What are the lines from the one with "活動(dòng)現(xiàn" through the end of the records below, written out exactly and without the pictures?

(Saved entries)
....
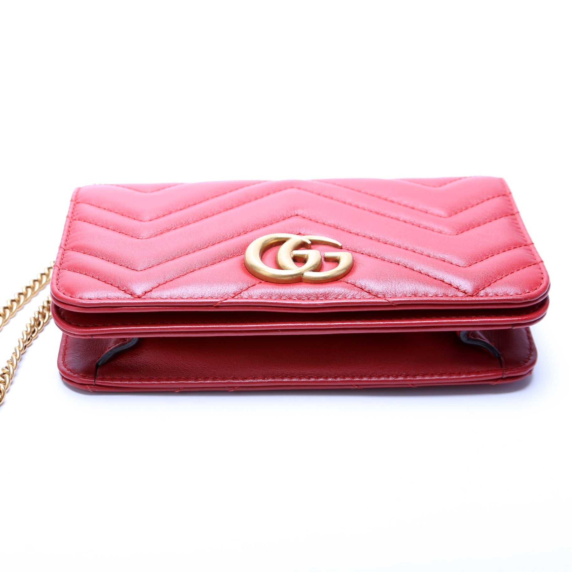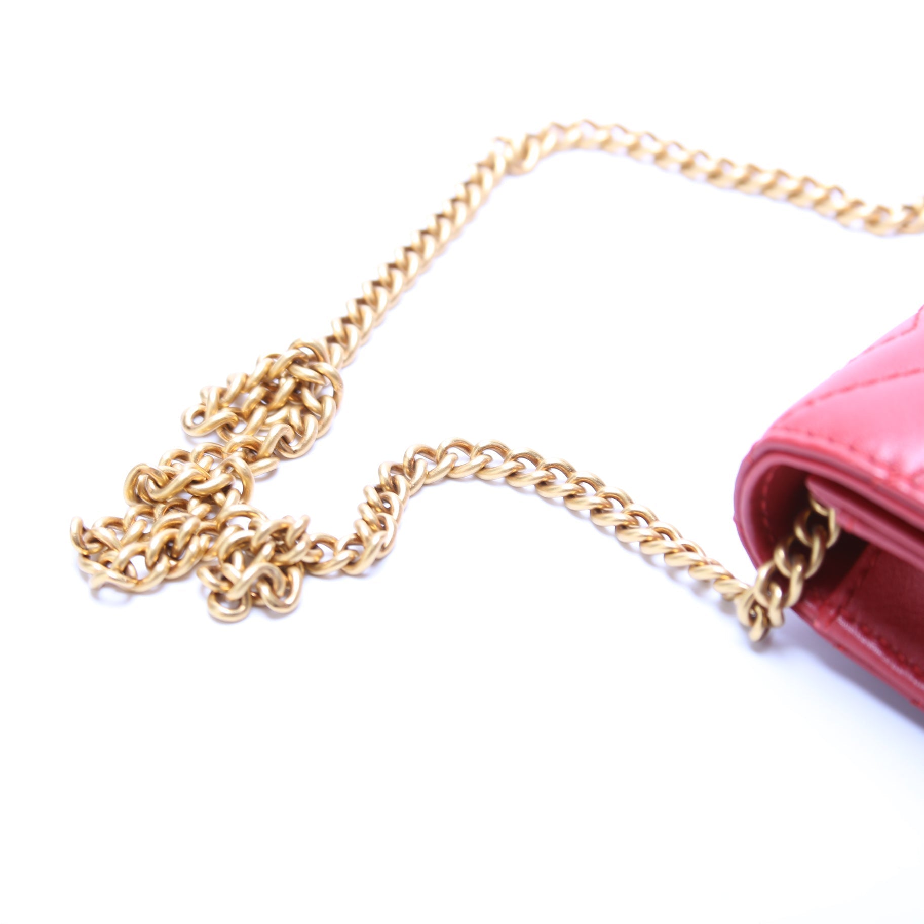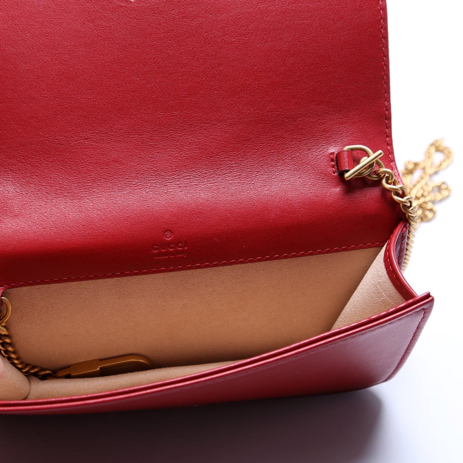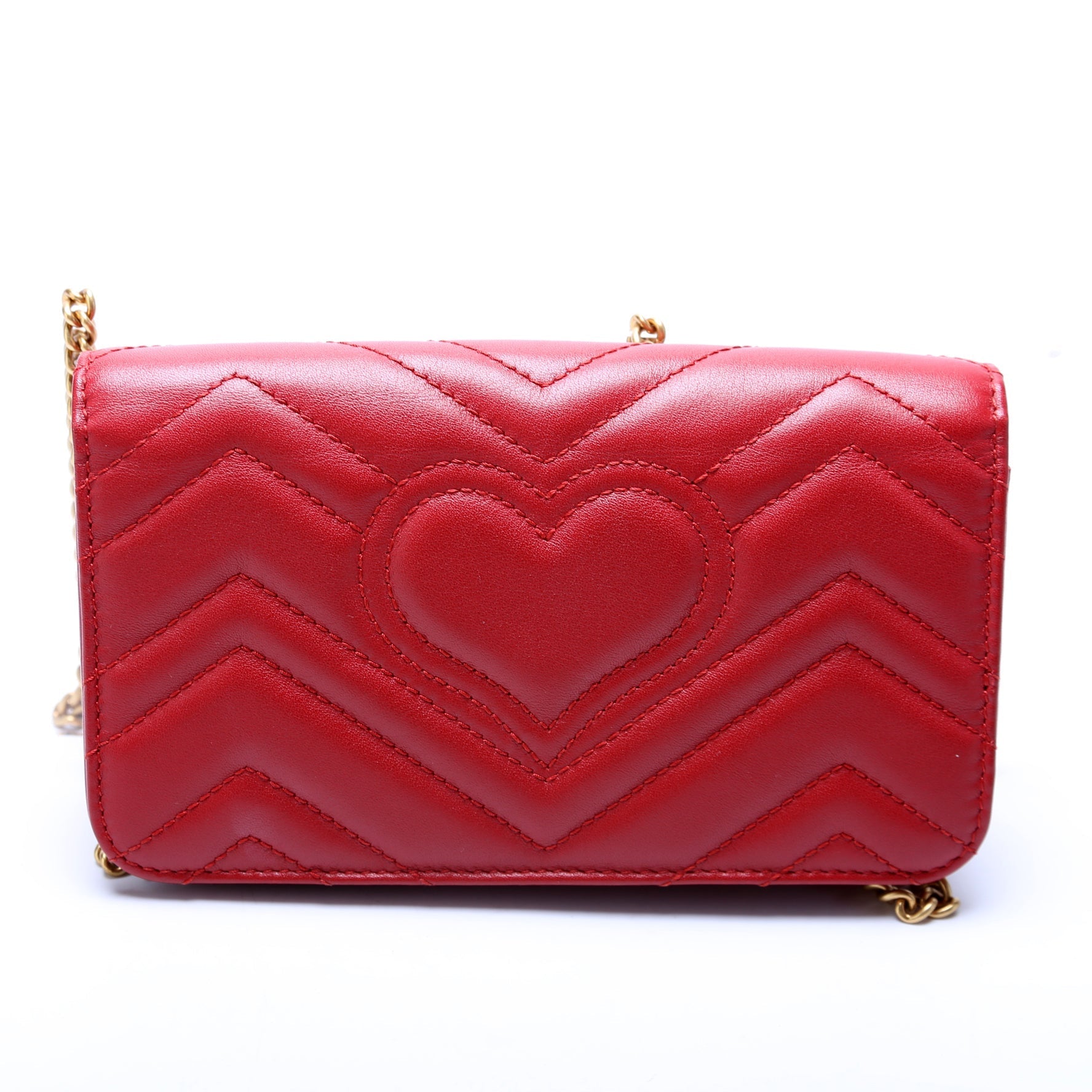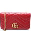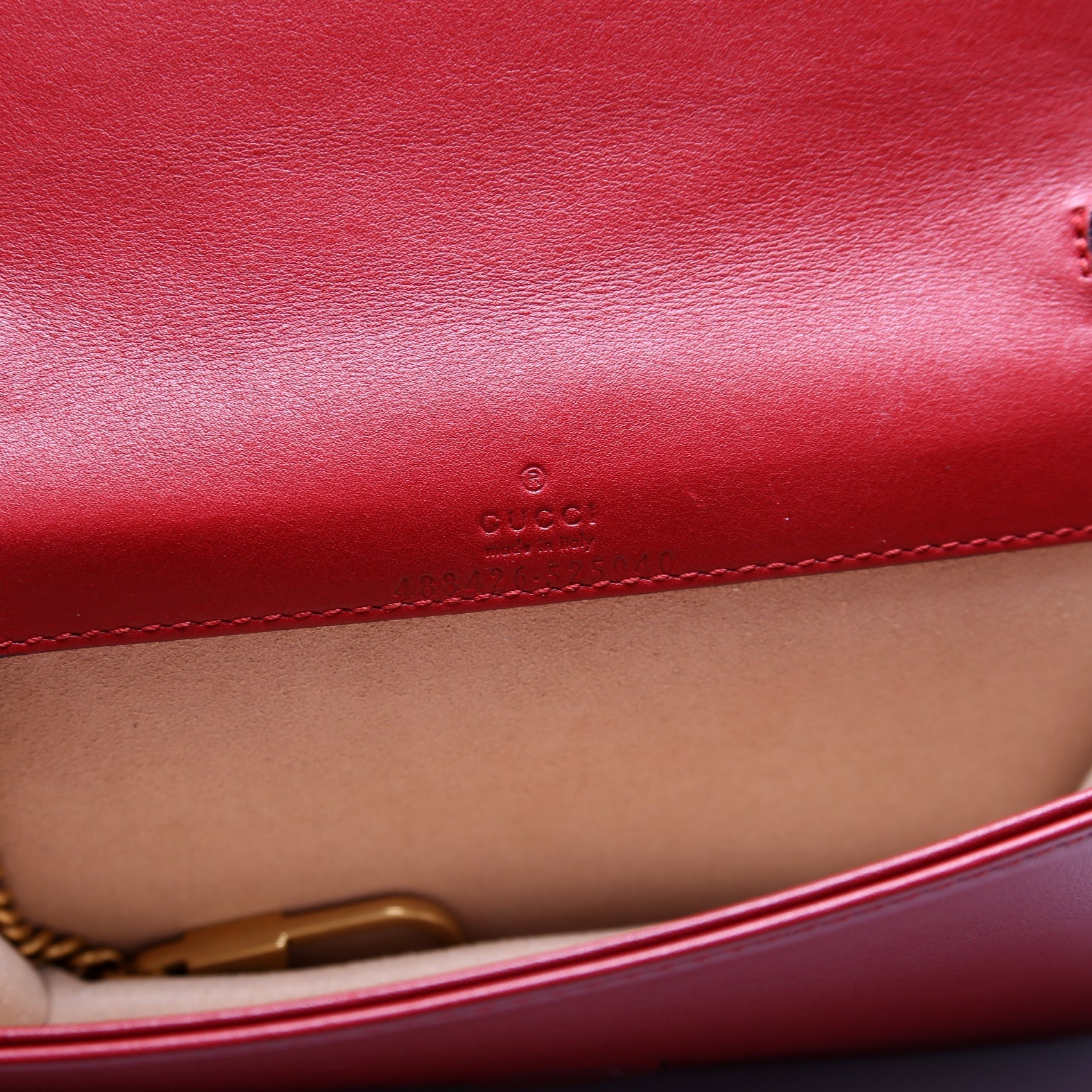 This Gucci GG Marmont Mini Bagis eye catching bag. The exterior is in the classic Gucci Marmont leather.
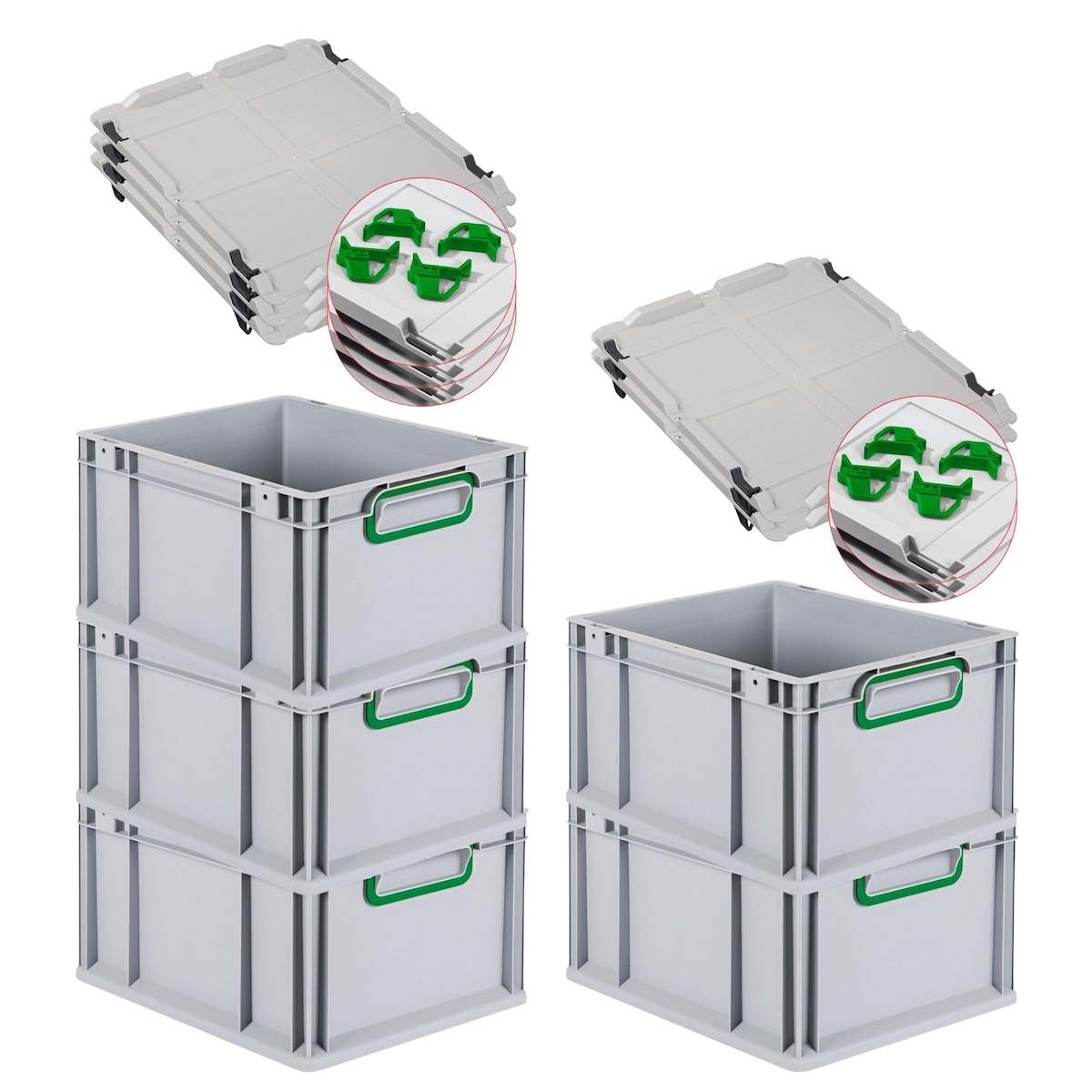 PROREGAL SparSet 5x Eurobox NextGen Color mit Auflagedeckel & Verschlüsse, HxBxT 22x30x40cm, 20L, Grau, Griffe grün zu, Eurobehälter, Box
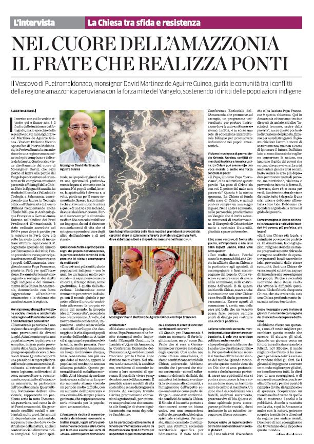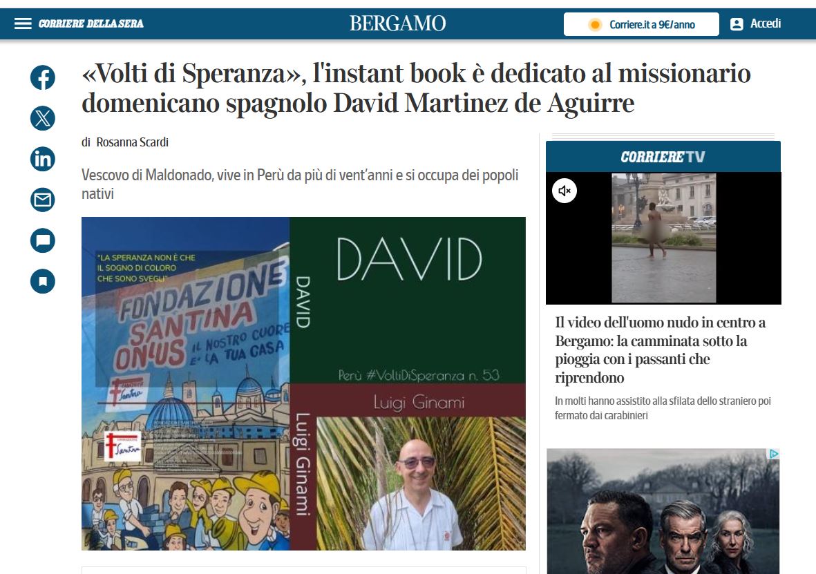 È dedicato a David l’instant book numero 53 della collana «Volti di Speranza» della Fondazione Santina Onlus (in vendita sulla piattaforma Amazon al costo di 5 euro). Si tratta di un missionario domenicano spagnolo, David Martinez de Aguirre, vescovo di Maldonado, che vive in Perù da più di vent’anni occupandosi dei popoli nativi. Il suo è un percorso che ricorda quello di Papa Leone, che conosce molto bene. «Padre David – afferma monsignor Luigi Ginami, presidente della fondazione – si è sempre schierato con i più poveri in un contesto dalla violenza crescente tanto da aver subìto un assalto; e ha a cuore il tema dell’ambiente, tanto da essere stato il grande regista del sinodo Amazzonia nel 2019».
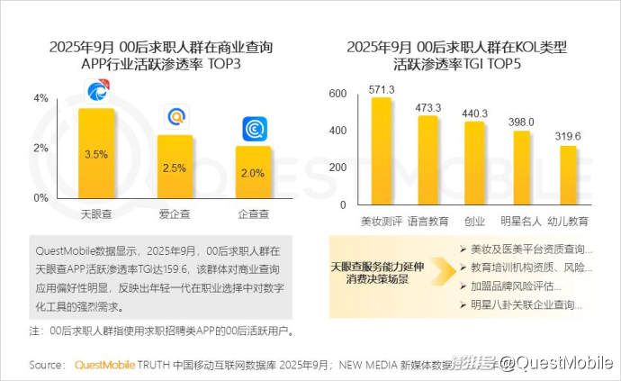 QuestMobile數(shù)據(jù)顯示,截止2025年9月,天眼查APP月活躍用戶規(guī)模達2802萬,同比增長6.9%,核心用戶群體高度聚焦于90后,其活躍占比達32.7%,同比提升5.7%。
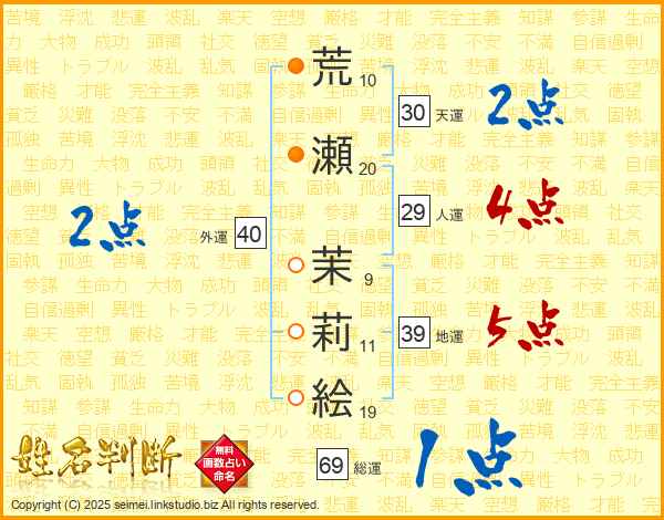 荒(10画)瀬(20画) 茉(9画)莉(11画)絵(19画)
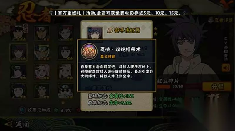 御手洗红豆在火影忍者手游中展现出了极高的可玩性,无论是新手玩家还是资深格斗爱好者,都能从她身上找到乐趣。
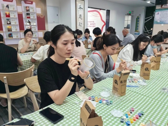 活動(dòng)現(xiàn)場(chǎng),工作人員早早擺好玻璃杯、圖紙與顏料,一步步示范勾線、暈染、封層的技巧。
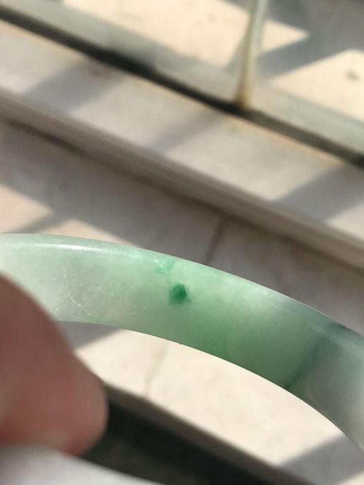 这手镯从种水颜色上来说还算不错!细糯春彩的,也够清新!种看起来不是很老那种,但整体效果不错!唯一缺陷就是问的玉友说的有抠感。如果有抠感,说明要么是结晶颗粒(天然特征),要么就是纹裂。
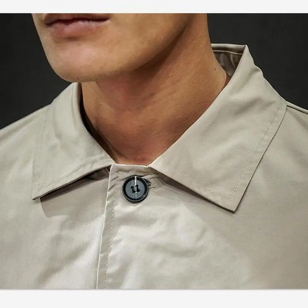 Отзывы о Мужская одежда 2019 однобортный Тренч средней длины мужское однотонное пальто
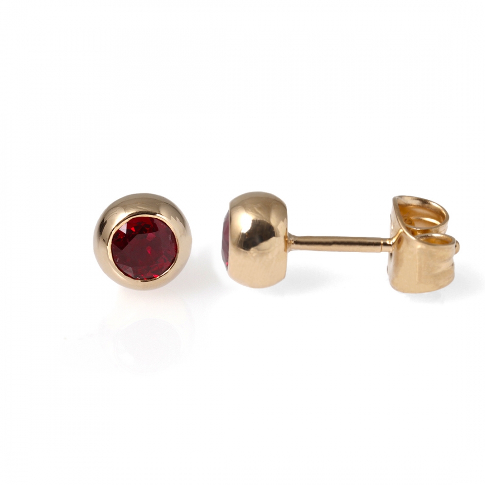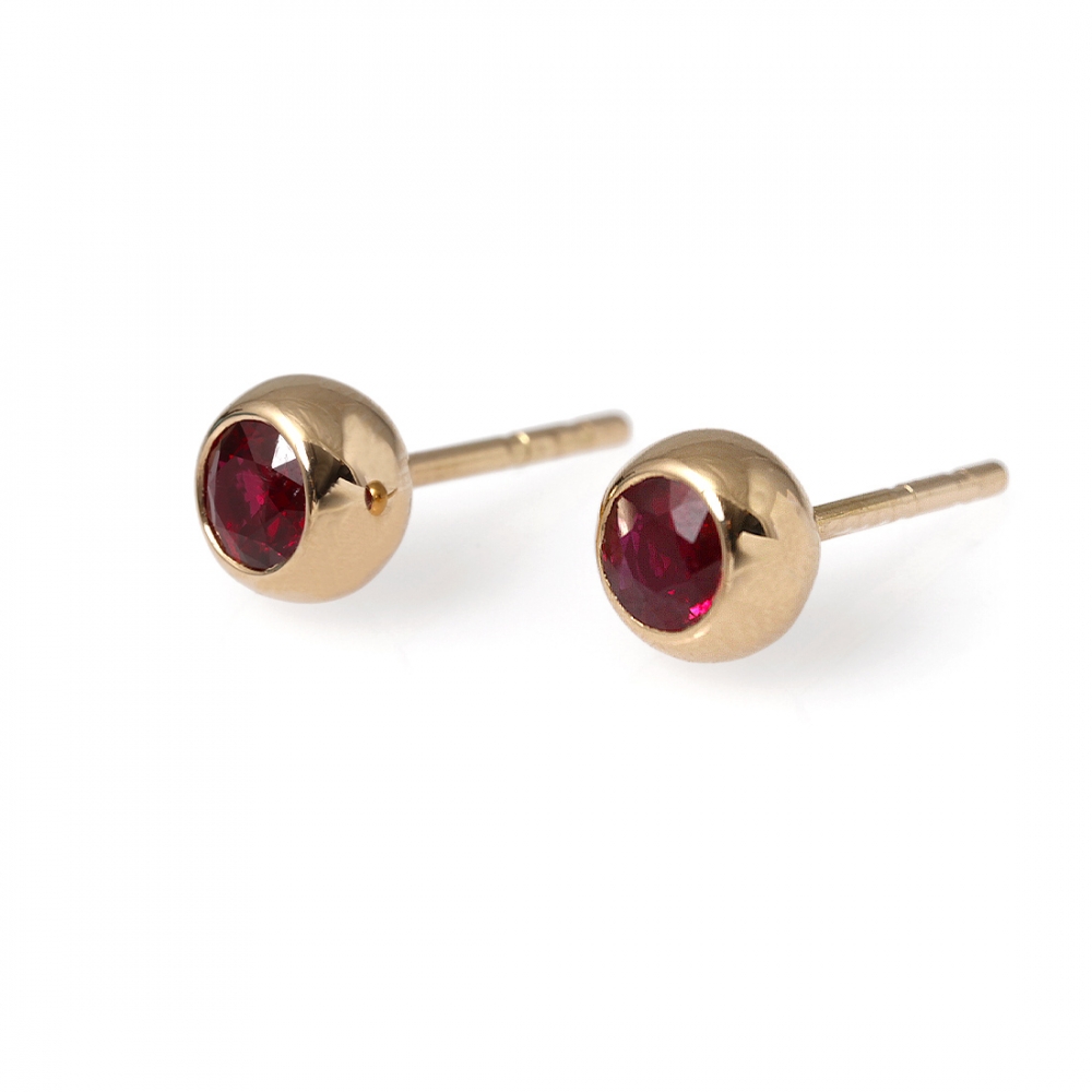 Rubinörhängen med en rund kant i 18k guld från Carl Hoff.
....
## Exercise output
 活動(dòng)現(xiàn)場(chǎng),工作人員早早擺好玻璃杯、圖紙與顏料,一步步示范勾線、暈染、封層的技巧。
 这手镯从种水颜色上来说还算不错!细糯春彩的,也够清新!种看起来不是很老那种,但整体效果不错!唯一缺陷就是问的玉友说的有抠感。如果有抠感,说明要么是结晶颗粒(天然特征),要么就是纹裂。
 Отзывы о Мужская одежда 2019 однобортный Тренч средней длины мужское однотонное пальто
 Rubinörhängen med en rund kant i 18k guld från Carl Hoff.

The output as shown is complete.